[DATA FOR ANALYSIS — start]

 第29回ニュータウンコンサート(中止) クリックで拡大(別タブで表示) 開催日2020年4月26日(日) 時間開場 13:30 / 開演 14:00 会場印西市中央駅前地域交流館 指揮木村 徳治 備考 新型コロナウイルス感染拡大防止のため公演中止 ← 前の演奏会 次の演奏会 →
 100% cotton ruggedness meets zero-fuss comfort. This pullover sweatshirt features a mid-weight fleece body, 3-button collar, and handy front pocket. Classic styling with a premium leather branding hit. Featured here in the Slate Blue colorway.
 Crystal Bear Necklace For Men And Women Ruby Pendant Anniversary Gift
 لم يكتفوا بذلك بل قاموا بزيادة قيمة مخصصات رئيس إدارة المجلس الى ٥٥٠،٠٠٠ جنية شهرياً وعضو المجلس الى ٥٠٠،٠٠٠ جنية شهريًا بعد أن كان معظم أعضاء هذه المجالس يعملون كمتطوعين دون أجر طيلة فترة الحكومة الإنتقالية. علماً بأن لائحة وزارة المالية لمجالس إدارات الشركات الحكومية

[DATA FOR ANALYSIS — finish]
[DATA FOR ANALYSIS — start]

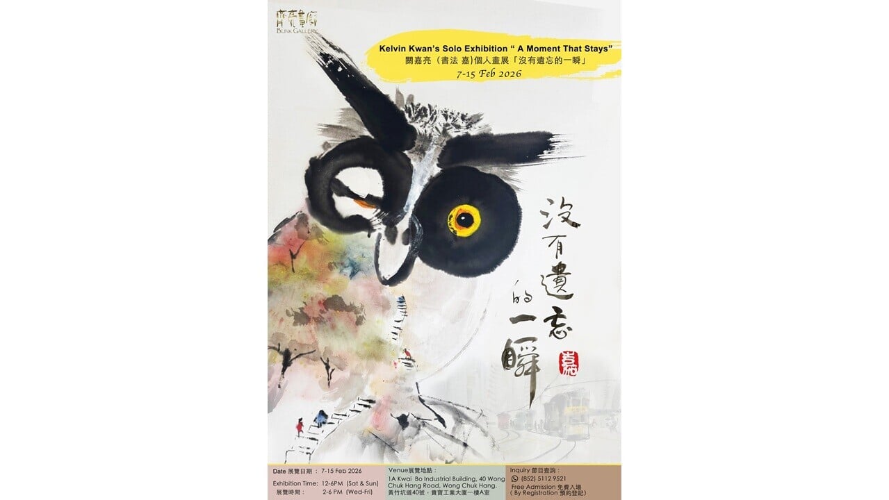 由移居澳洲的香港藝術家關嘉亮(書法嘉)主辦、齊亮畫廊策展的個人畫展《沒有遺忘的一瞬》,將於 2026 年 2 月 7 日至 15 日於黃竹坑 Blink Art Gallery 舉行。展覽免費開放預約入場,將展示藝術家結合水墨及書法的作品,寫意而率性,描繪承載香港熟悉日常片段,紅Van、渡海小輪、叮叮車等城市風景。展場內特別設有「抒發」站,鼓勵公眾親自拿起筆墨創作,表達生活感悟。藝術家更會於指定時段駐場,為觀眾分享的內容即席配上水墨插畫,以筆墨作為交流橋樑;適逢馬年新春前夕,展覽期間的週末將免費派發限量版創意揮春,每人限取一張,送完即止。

[DATA FOR ANALYSIS — finish]

### TASK BRIEF
Everything from the line with "100% cotton ruggedness" through the line with "Crystal Bear Necklace" in the listing above must be retyped exactly, with nothing added.

### RESPONSE TO THE TASK
 100% cotton ruggedness meets zero-fuss comfort. This pullover sweatshirt features a mid-weight fleece body, 3-button collar, and handy front pocket. Classic styling with a premium leather branding hit. Featured here in the Slate Blue colorway.
 Crystal Bear Necklace For Men And Women Ruby Pendant Anniversary Gift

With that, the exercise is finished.